From the seller’s point of view, it is essential to obtain assurance that the buyer can meet payments. Yet foreclosure always is the ultimate option for protection against default, if time-consuming and costly.
For the buyer, it is wise to bear in mind that a conventional lender’s due diligence is required for a reason. Appraisals and title searches are part of their process to ensure that property used as collateral is worth the amount on which both parties have agreed. You don’t want to pay too much or face ownership questions down the road.
Even if a seller isn’t offering financing at the outset, it’s worth having your broker ask about the possibility.
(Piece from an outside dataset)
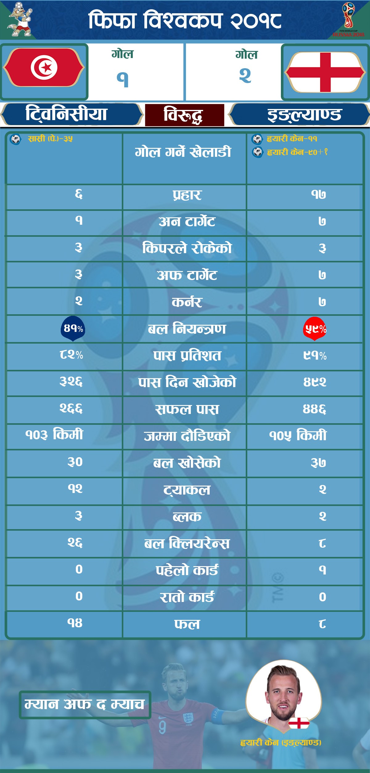 भोल्बोग्राड स्टेडियममा भएको खेलमा इंग्ल्यान्डलाई जिताउन दुवै गोल कप्तान ह्यारी केनले गरे। ट्युनिसियाका लागि फेर्जानी ससीले एक गोल फर्काएका थिए।

And if a seller is having no luck unloading a property for too long, doesn’t need a ton of cash to pay off an existing mortgage or to buy a new home and welcomes higher than prevailing interest rates, providing the buyer with a mortgage may prove to be a winning tactic.
Both sides need to act methodically, carefully and, in most ways, conventionally to keep a transaction made in heaven from turning into one that ends up as one transformed into hell.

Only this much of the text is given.